Directions for this task:
Instruction for the data below: set down exactly the lines from the line with "Abb. 12 In der" to the line with "Im Verlauf des", inclusive, and no others.

Task input:
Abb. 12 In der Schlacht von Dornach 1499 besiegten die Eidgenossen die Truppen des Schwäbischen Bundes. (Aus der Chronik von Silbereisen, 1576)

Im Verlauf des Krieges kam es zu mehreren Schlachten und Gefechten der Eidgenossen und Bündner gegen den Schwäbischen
...
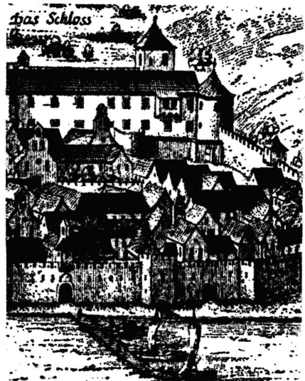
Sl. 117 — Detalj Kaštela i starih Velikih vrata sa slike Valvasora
--
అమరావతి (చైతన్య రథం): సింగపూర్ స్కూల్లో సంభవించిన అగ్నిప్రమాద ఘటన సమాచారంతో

Exercise solution:
Abb. 12 In der Schlacht von Dornach 1499 besiegten die Eidgenossen die Truppen des Schwäbischen Bundes. (Aus der Chronik von Silbereisen, 1576)

Im Verlauf des Krieges kam es zu mehreren Schlachten und Gefechten der Eidgenossen und Bündner gegen den Schwäbischen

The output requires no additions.